Listen to this article, read by Ron ButlerWalters told me that his views have been consistent, but he can pinpoint exactly when his advocacy intensified. At a training lunch less than a decade ago, he heard colleagues voicing discomfort with teaching the Declaration of Independence because Thomas Jefferson was an enslaver. Walters says he told them: “Guys, if you don’t understand that the Declaration of Independence changed the course of human events by acknowledging our rights come from God, and put our country on a new trajectory, and that it had an incredibly positive impact on human nature and humankind, I don’t know why you guys are teaching history. You guys have missed the boat because of an ideology.”
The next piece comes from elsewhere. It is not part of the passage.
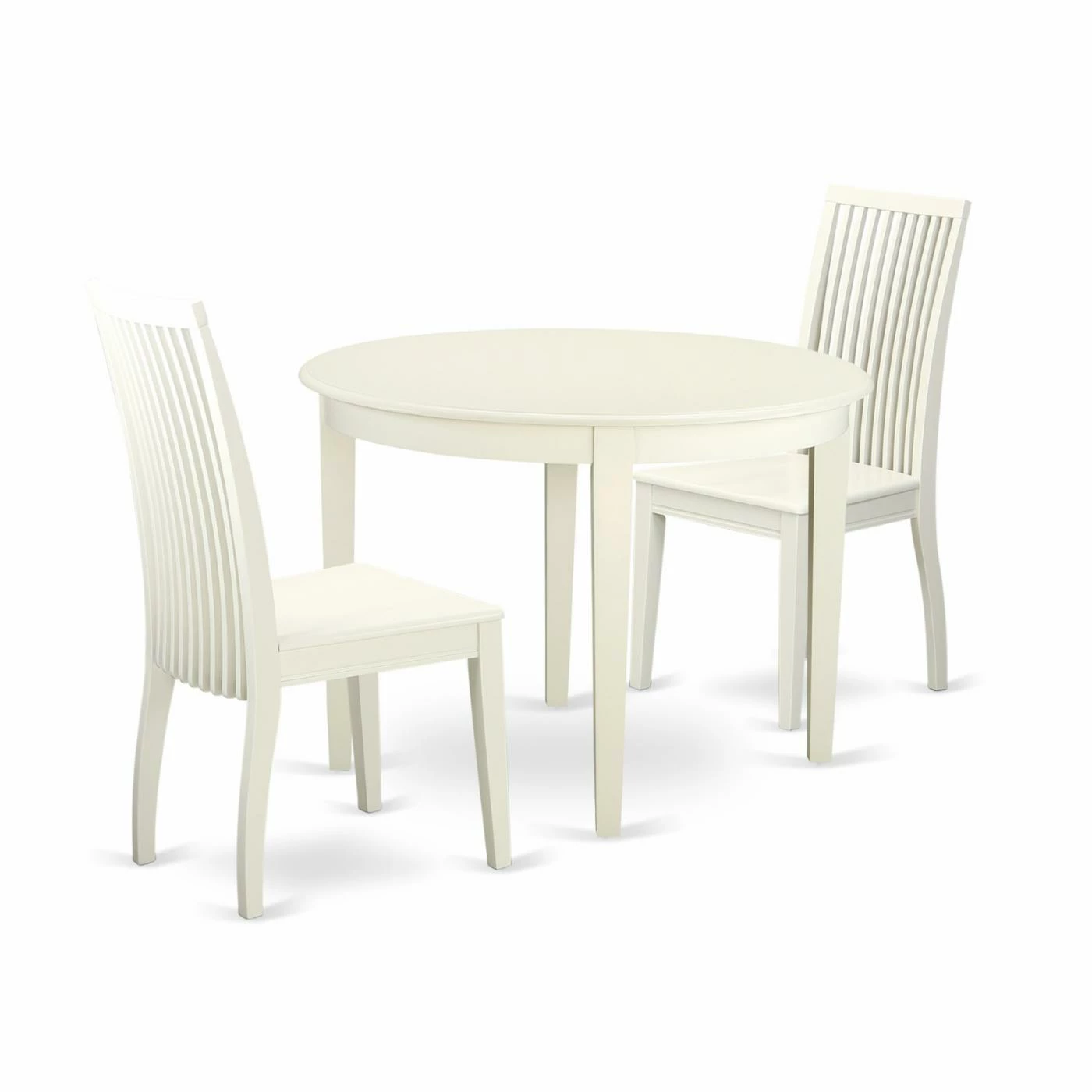 Give your dining room or kitchen a modern update with the East West Furniture Boston BOIP3 Three Piece Round Dining Table Set. The set includes a minimalist round table and two ergonomic slatted chairs. A clean linen white finish and tapered, square legs tie the durable solid hardwood set together.

Walters has since made such a name for himself trying to push what he considers America’s Judeo-Christian origins into the country’s schools that, despite characterizing Donald Trump as a “charlatan” on social media in 2016, he was floated this fall as a candidate to head the Department of Education in the second Trump administration. In the past year, he has added high-profile, out-of-state conservative figures to Oklahoma’s social-studies-standards executive committee, including Dennis Prager, the founder of PragerU, an advocacy group that makes videos to advance “Judeo-Christian values”; and Kevin Roberts, the president of the Heritage Foundation and a principal architect of Project 2025. Walters also lobbied the State Legislature to fund the purchase of Bibles — favoring the Trump-endorsed “God Bless the U.S.A.” and “We the People” Bibles — for public-school classrooms.
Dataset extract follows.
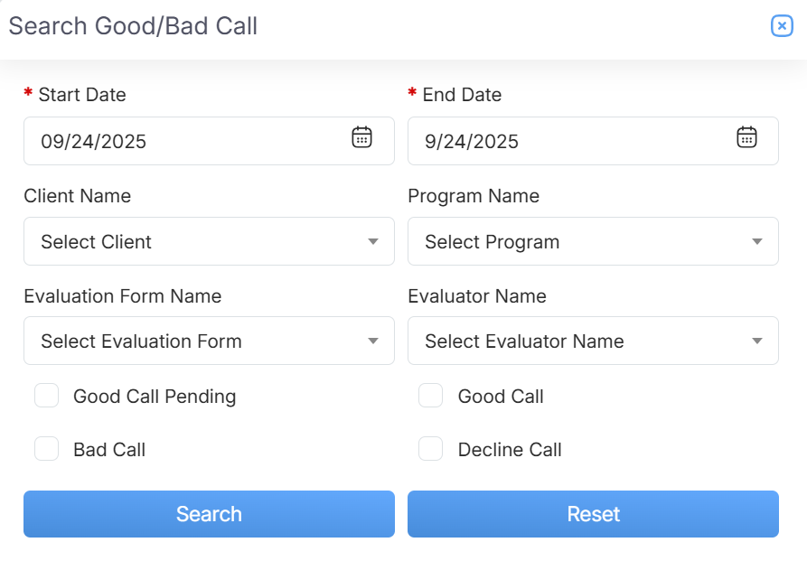 button. The list on the Search Good/Bad Call page will display the calls based on the set filters.

Soon after taking office in January 2023, Walters created the Oklahoma Advisory Committee on Founding Principles. Records obtained by American Oversight, a watchdog group that advocates transparency in government, show that his staff circulated a draft document titled “Putting God Back in the Classroom.” One priority the committee settled on to further that ambition could upend the laws and norms not just of Oklahoma but of American education itself: the establishment of the country’s first religious charter school.
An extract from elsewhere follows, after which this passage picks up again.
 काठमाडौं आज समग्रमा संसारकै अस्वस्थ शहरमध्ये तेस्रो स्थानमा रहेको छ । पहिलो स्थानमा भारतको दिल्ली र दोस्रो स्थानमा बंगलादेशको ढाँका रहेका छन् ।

In late 2021, Robert Franklin, then chairman of the Oklahoma Statewide Virtual Charter School Board, received an unexpected letter from the archdiocese of Oklahoma City stating that it intended to create a virtual charter school. Such schools are independently run but publicly funded — and as a result, a religious charter school has never before been established. Franklin wrote back: “I have an absolute respect for the Catholic Church, but until a legal authority tells us differently, the Constitution” — he meant the state Constitution — “and the Oklahoma charter-school law would not allow us to do this.”